保険給付を受ける者の保護
出典: フリー百科事典『ウィキペディア(Wikipedia)』 (2022/08/09 04:27 UTC 版)
「労働者災害補償保険」の記事における「保険給付を受ける者の保護」の解説
保険給付を受ける権利は、実際に労働災害が起こった会社を退職しても消滅することはない。また譲り渡し、担保に供し、又は差し押さえをすることもできない(第12条の5)。ただし、年金たる保険給付を独立行政法人福祉医療機構が行う小口貸付の担保に供する場合は例外である。なお休業(補償)給付については受任者払いが認められていて、労働者が事業主等にその受領を委任しているときは、原則として当該事業主等に支払われる。 保険給付を受ける権利を有する者が死亡した場合において、その死亡した者に未支給の保険給付(請求自体がなされていないものを含む)があるときは、死亡当時その者と生計を同じくしていた遺族(配偶者、子、父母、孫、祖父母、兄弟姉妹。公的年金とは異なり「3親等以内の親族」は含まない。また「生計維持」までは求められていない)は、自己の名でその未支給の保険給付の支給を請求することができる(第11条1項、2項)。未支給の保険給付の請求権者がいない場合、死亡した受給権者の相続人が請求権者となり、未支給の保険給付の請求権者がその支給前に死亡した場合、その死亡した請求権者の相続人がその支給を受けることができる(昭和41年1月31日基発73号)。

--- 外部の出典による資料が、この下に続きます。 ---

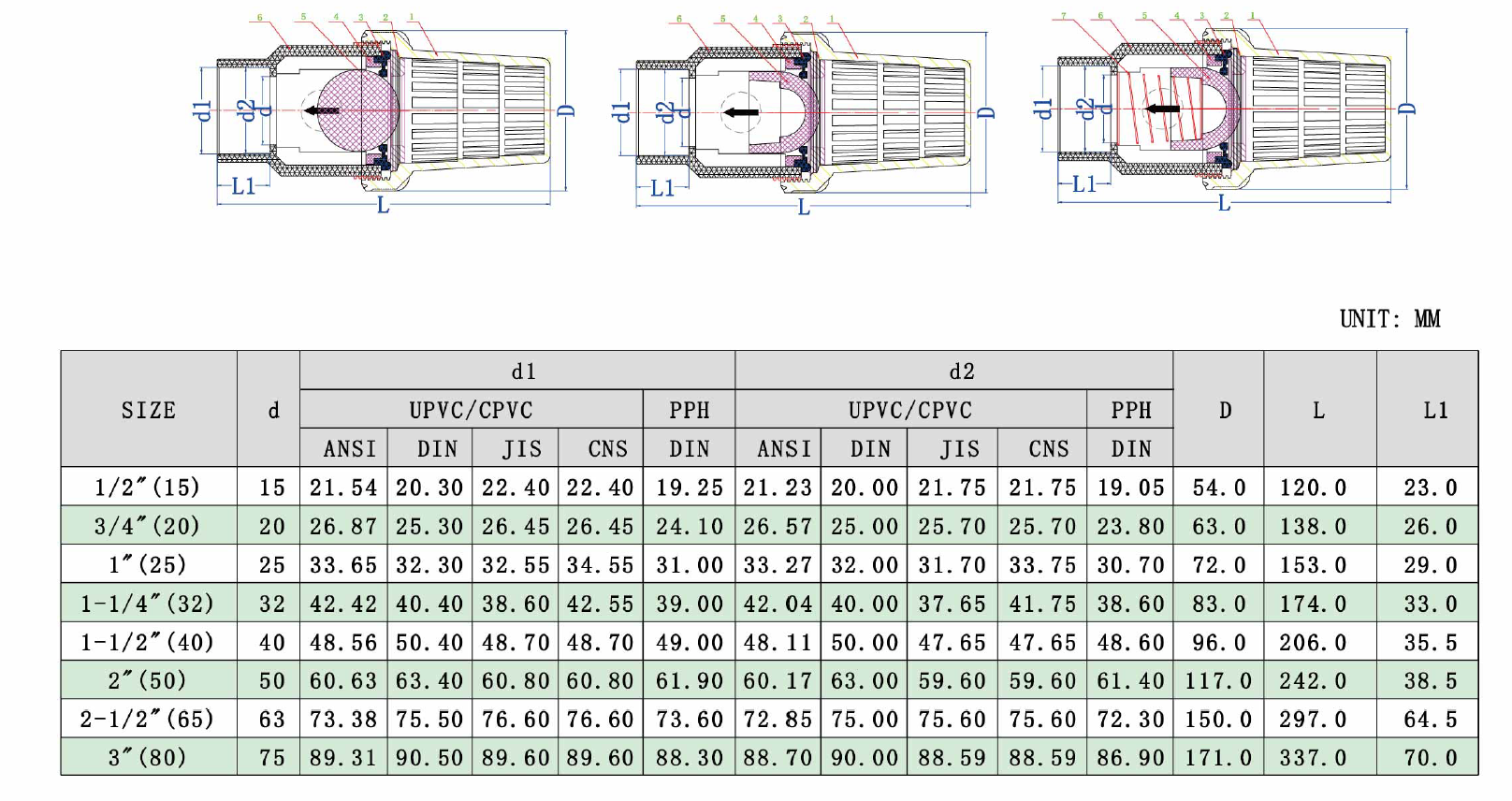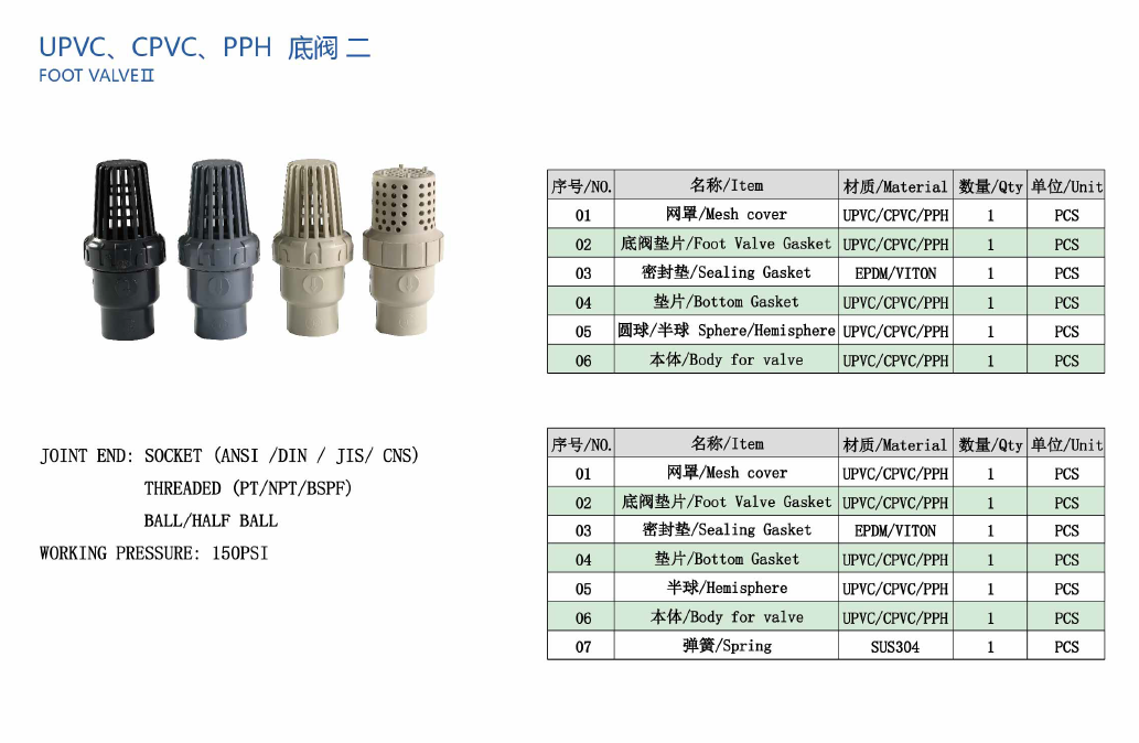 UPVC 、 CPVC、 PPH 底阀品牌:WF标准:美标/国标/日标/台标尺寸; 1/2"-3" (DN15-DN80)工作压力: 150PSI密封垫: EPDM/VITON连接方式: 承插 (ANSI / DIN / JI S/ CNS), 螺牙 (PT / NPT/ BSPF)

なお遺族(補償)年金については転給があるため、受給権者の遺族ではなく死亡した労働者の遺族が未支給の保険給付を受給することになる。未支給の保険給付を受けるべき同順位者が2人以上あるときは、その1人がした請求は、全員のためその全額につきしたものとみなし、その1人に対してした支給は、全員に対してしたものとみなす(第11項4項)。 さらに租税その他の公課は、労災給付として支給を受けた金銭を標準として課することができない(第12条の6)。労災保険に関する書類に印紙税は課されない(第44条)。 なお特別支給金については保険給付とは異なるため、譲渡等の対象となる(退職後の権利や公課の禁止は運用上保障されている)。